Generics and eeking out price rises

With the repurposing Bill failing to get Government support, we can hark back to the debate as one Conservative MP asked. What is to stop the price rising?

The answer it seems is an issue in the USA where pharma can't resist gouging the price. (CLICK HERE)

"prescription drug prices fall significantly over time and that generics typically cost 80% less than the brand"

This is for small molecules not biologicals
“prices of generics can still be very high, because whoever controls the supply can set whatever price they want”

" until there are at least four generic providers that Americans feel the benefits of having a generic drug on the market".

There are many ways that pharma justify hiking drug prices here is one they tried and may be relevant as phenytonin was found to be neuroprotective in optic neuritis/MS (Click here)

The Competition and Markets Authority’s (CMA) provisional view is that Pfizer and Flynn Pharma each abused a dominant position by charging excessive and unfair prices in the UK for phenytoin sodium capsules, an anti-epilepsy drug, in breach of UK and EU competition law.
Phenytoin sodium capsules are used in the treatment of epilepsy in order to prevent and control seizures and are an important drug for over 50,000 patients in the UK. Pfizer manufactures phenytoin sodium capsules and supplies them to Flynn Pharma, which then distributes them to UK wholesalers and pharmacies.
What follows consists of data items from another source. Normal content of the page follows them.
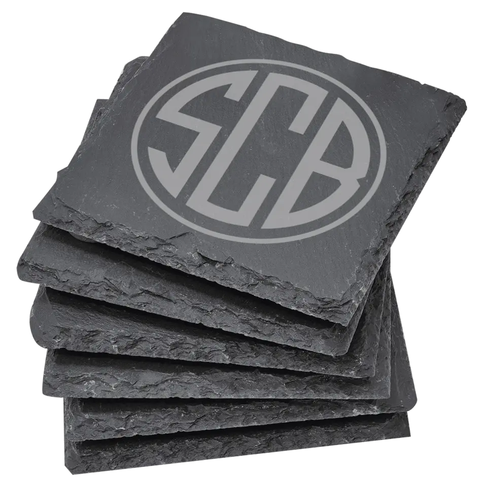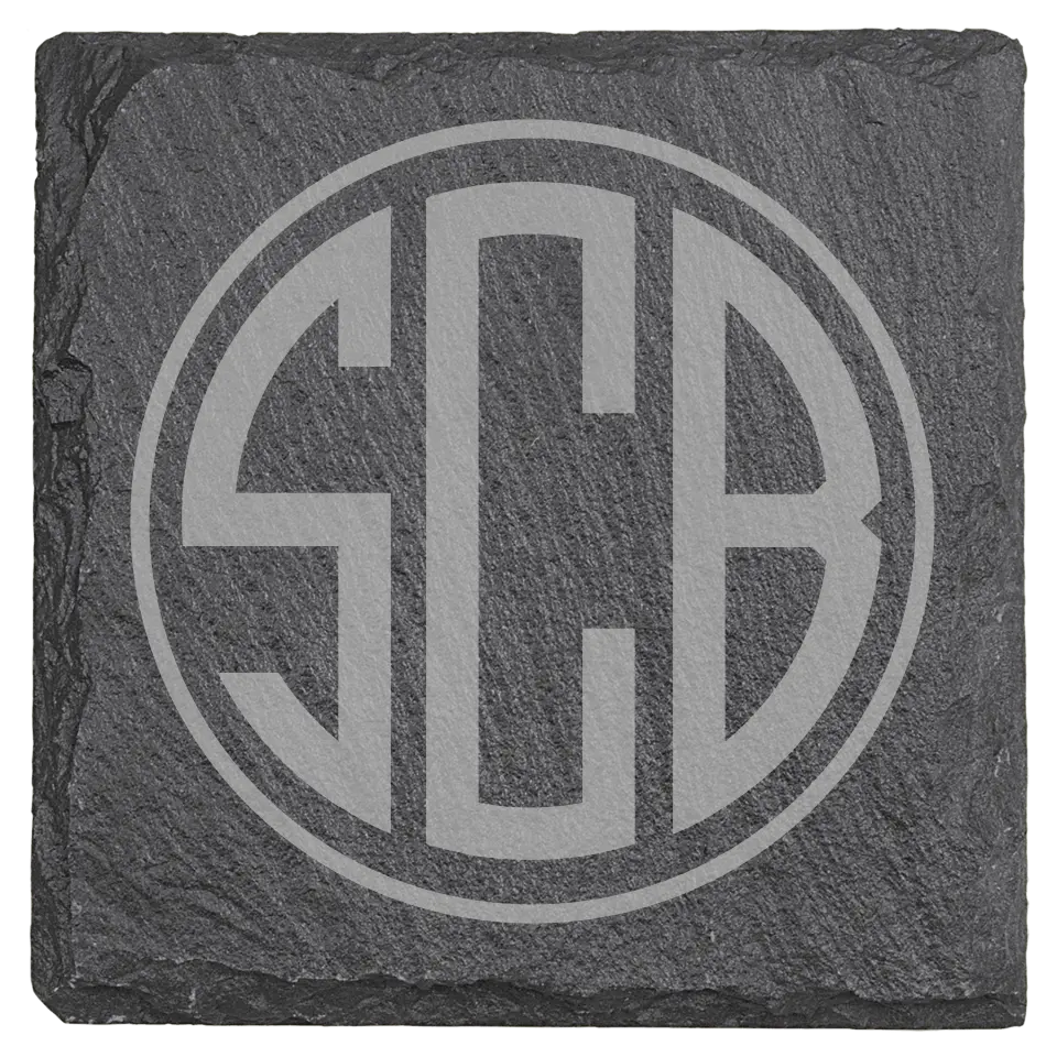 4" Square Slate Coasters - Round 3 Letter Monogram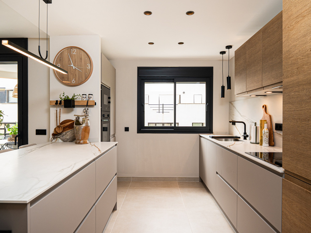 The open-plan kitchen connects smoothly to the living and dining areas, creating a spacious and welcoming environment. Premium appliances, generous storage, and a sleek breakfast bar make the kitchen both functional and stylish. Sliding doors open to a private terrace, perfect for outdoor dining or relaxing in the afternoon sun. The apartment's neutral tones, natural textures, and clean lines create a calm and sophisticated atmosphere throughout.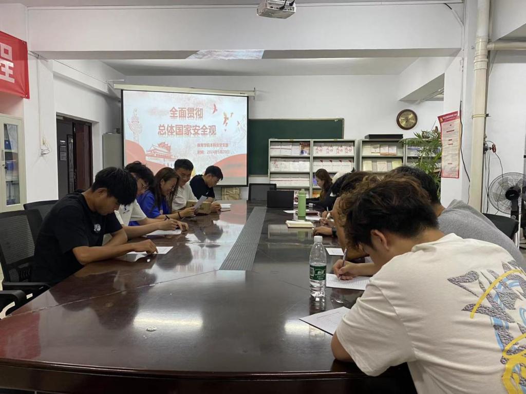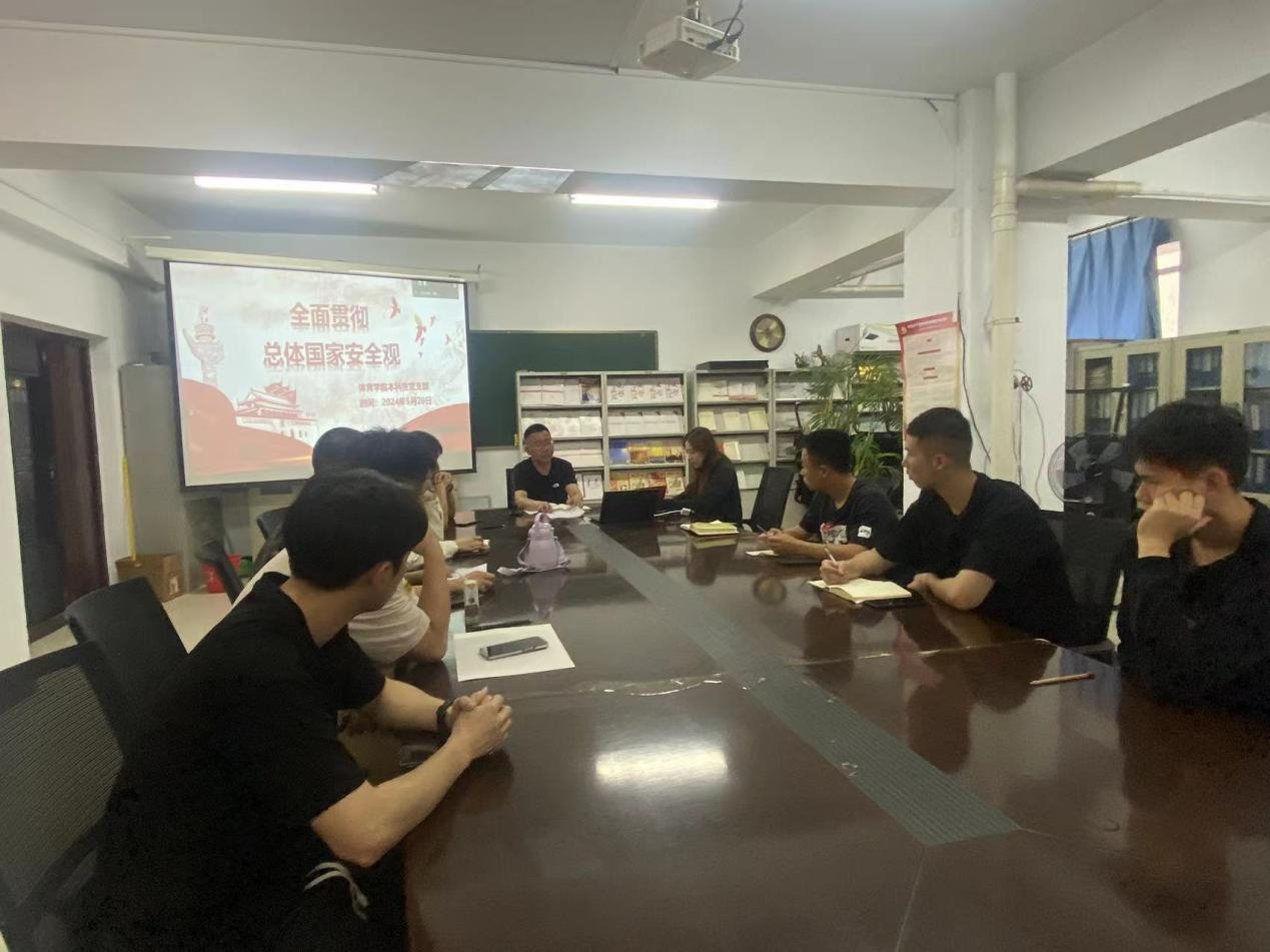 为引导广大党员青年深刻学习领会、全面贯彻落实总体国家安全观,切实增强维护国家安全的责任感使命感,积极践行总体国家安全观,体育学院本科生党支部于5月20日上午9:30在学院三层“党员之家”召开“全面贯彻总体国家安全观”学习会议,本科生党支部全体党员参加,李士荣、李佳怿老师出席并担任主持人。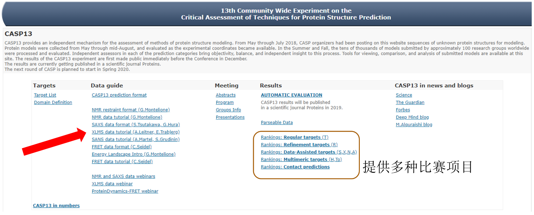 CASP同时提供多种比赛项目,比如常规的结构预测(Regular targets)、数据辅助预测(Data-Assisted targets)和蛋白质接触面预测(Contact predictions)等,其中数据辅助预测中提供了核磁数据(NMR)、交联数据(XLMS)等,对的,交联数据就是我目前研究的pLink处理的数据。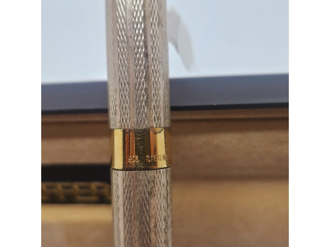 Product: Sheaffer Legacy Barleycorn - 925 zilveren balpen met goldplating - Inclusief doos Conditie: Gebruikt Specificaties: Merk: Sheaffer USA. Model: Legacy Barleycorn. Volledig .925 zilver met goldplated delen. Inclusief originele doos.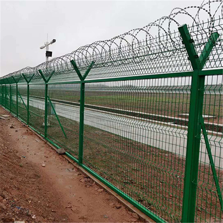 機(jī)場(chǎng)鋼筋網(wǎng)圍界又稱作“機(jī)場(chǎng)護(hù)欄”、“Y型安全防御護(hù)網(wǎng)”,它是由V型支架立拄,加強(qiáng)型焊接片網(wǎng),安全防盜連接件和熱鍍鋅刀片剌籠組成。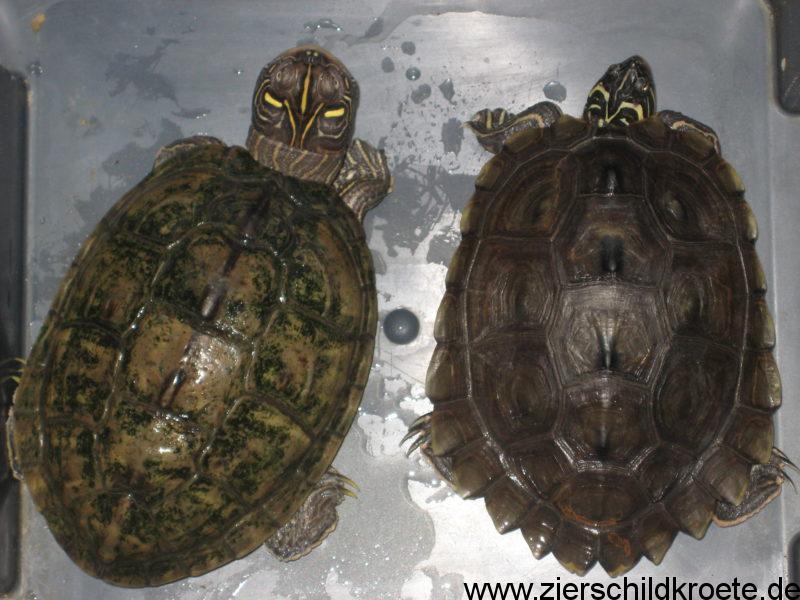 Nun, auf dem folgenden Bild sind zwei gleich große Höckerschildkröten abgebildet, ihre Köpfe sind allerdings „leicht“ unterschiedlich groß. Rechts eine schmalköpfige Schwarzknopf-Höckerschildkröte (Graptemys nigrinoda nigrinoda) und links eine Falsche Landkarten-Höckerschildkröte (Graptemys pseudogeographica pseudogeographica), die zu den Arten mit mittelgroßen Köpfen gehört.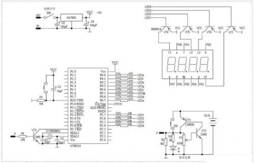 在實際電路中,L1就是第一只數(shù)碼管的共陽極端。單片機的輸出、輸入接口數(shù)量都很有限,所以4位LED數(shù)碼管驅(qū)動都是使用動態(tài)顯示的方式。4只獨立數(shù)碼管LED的內(nèi)部a、b、c、d、e、f、g、dp這8段發(fā)光管相對應(yīng)的陰極都是并連的。統(tǒng)一由單片機P0口8位輸出進行驅(qū)動。數(shù)碼管要顯示出數(shù)碼還必須在共陽極端同時施加正電壓才行。所以要讓4位中某一數(shù)碼管進行顯示,只要在P0口輸出字型碼的同時,給這位數(shù)碼管共陽極端加上正電壓就行了,當然與此同時其他三位數(shù)碼管的共陽極端要保持低電壓,才不致顯示出現(xiàn)混亂。數(shù)碼管共陽極端驅(qū)動電流較大,所以采用了三極管進行控制。以第一只數(shù)碼管為例,在P0端口輸出字型碼的同時,P37輸出低電平,三極管T4導(dǎo)通,則共陽極端L1就得到高電平了,數(shù)字就會顯示在第一只數(shù)碼管上了。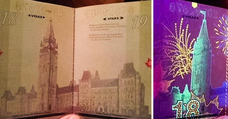 Една фасцинантна работа за канадскиот пасош е тоа што секоја страница во него свети под ултравиолетова светлина и го прави да изгледа апсолутно прекрасно. Под ултравиолетова светлина, таму можете да видите и скриени работи, како огнометот на сликата погоре!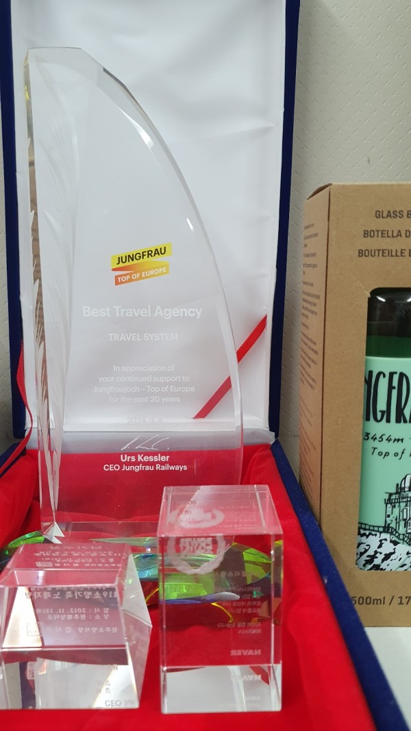 작년에는 융프라우에서 베스트 파트너를 국내 대표 여행사와 카페등 19개회사만 표창(더 적었나 기억이 잘 안나네요 ~~ )했는데 트래블시스템도 선정되어, 국내 굴지의 회사들과 함께 상패를 받았습니다. 항상 좋은 정보를 소개하는데 최선을 다하겠습니다.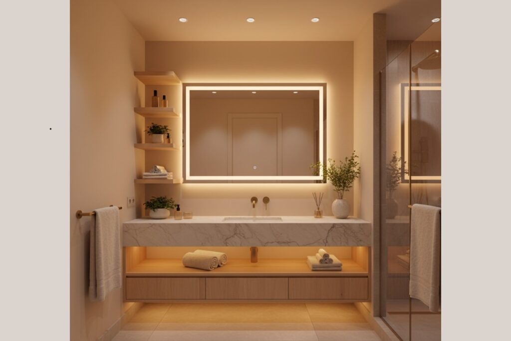 A iluminação interna complementa a luz natural e deve ser funcional. Luzes brancas ou neutras são melhores para as áreas de higiene e maquiagem.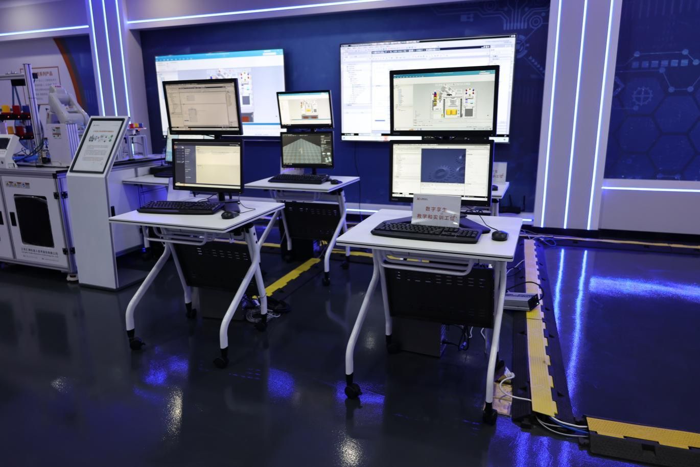 步入二楼,满墙的证书和发明专利将公司的活力和冲力具现出来,同学们路过一套套教学设备和竞赛装置,到达最具吸引力的智造系统沙盘。各个智造厂房整齐排列,由一条条机器装置轨道连接起来,共同构建出一套自动智造、互联互通的系统,这不仅是公司厂房的一个缩影,更承担着测控、纠错、虚拟实操的功能。随后,大家陆续参观了研发楼的实训区、办公区和调试区。他们从充满程序代码的屏幕、拆开机器臂表壳后复杂而精细的结构,以及机器人巧妙的位置标定方法中,获得了小小的创新启发。最后,他们来到讲厅聆听了两场讲座。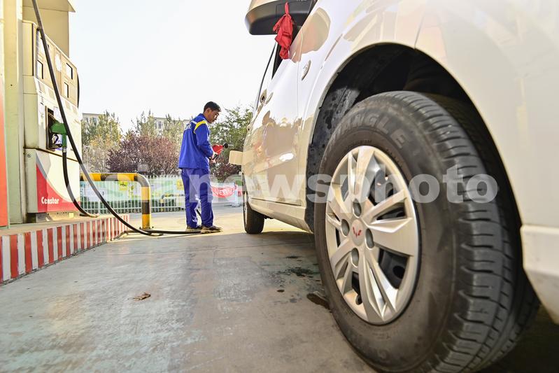 图片说明:2023年11月21日,山东省青州市一家加油站的工作人员给汽车加油。

The statement of objections concerns both the prices that Pfizer has charged to Flynn Pharma and the prices that Flynn Pharma has charged to its customers, since September 2012.
Prior to September 2012, Pfizer manufactured and sold phenytoin sodium capsules to UK wholesalers and pharmacies under the brand name Epanutin®. Pfizer sold the UK distribution rights for Epanutin® to Flynn Pharma, which de-branded (or genericised) the drug and started selling its version in September 2012. Pfizer continued to manufacture the drug, which it sold to Flynn at prices that were significantly higher than those at which it had previously sold Epanutin® in the UK – between 8 and 17 times Pfizer’s historic prices. Flynn then sold the drug on to customers at prices which were between 25 and 27 times higher than those historically charged by Pfizer.
Prior to September 2012, the NHS spent approximately £2.3 million on phenytoin sodium capsules annually. This spend (paid to Flynn and other suppliers of phenytoin sodium capsules) was just over £50 million in 2013 and over £40 million in 2014.
However if the price rise was set in the hypothetcical "repurposing drug act" then it would be transparent and pharma would not gets its wrists smacked for delivering generics.